(THE RECORDS)

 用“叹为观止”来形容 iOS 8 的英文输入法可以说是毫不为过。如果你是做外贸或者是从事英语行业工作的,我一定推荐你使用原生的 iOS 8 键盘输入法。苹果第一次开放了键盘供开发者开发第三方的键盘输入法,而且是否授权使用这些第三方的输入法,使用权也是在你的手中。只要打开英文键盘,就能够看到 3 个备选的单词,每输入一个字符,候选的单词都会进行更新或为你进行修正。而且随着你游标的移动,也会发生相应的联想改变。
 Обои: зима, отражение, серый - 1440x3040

(End THE RECORDS)
(THE RECORDS)

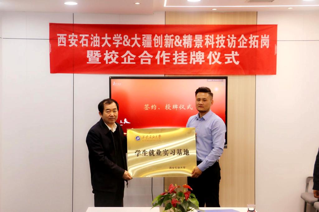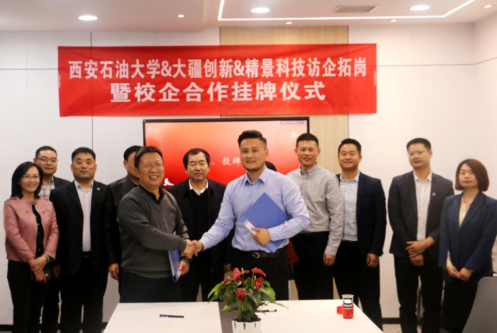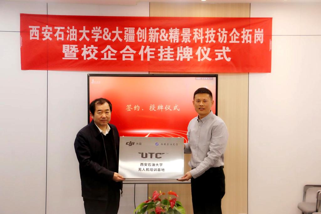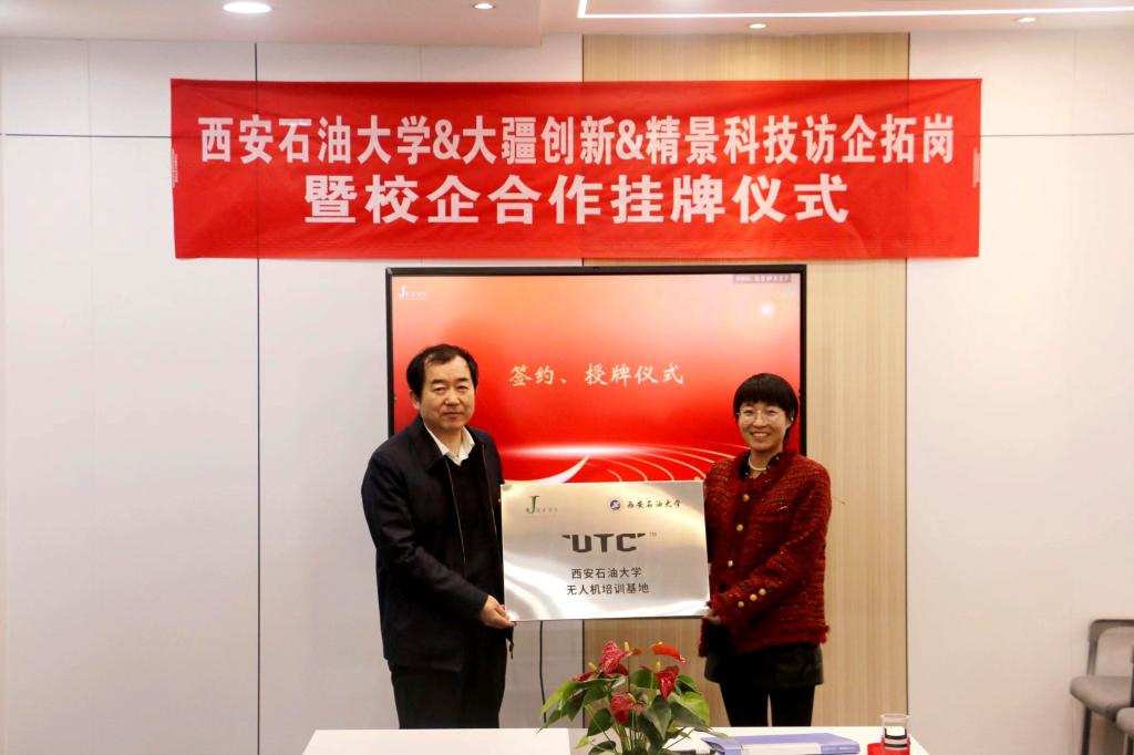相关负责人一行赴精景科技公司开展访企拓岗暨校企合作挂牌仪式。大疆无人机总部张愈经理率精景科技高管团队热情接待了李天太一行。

(End THE RECORDS)

## DESCRIPTION OF THE TASK
Give again exactly, and only, the lines above starting at the one with "iOS 8 的英文输入法可以说是毫不为过。如果你是做外贸或者是从事英语行业工作的,我一定推荐你使用原生的" and ending at the one with "Обои: зима, отражение, серый - 1440x3040".

## ANSWER TO THE EXERCISE
 用“叹为观止”来形容 iOS 8 的英文输入法可以说是毫不为过。如果你是做外贸或者是从事英语行业工作的,我一定推荐你使用原生的 iOS 8 键盘输入法。苹果第一次开放了键盘供开发者开发第三方的键盘输入法,而且是否授权使用这些第三方的输入法,使用权也是在你的手中。只要打开英文键盘,就能够看到 3 个备选的单词,每输入一个字符,候选的单词都会进行更新或为你进行修正。而且随着你游标的移动,也会发生相应的联想改变。
 Обои: зима, отражение, серый - 1440x3040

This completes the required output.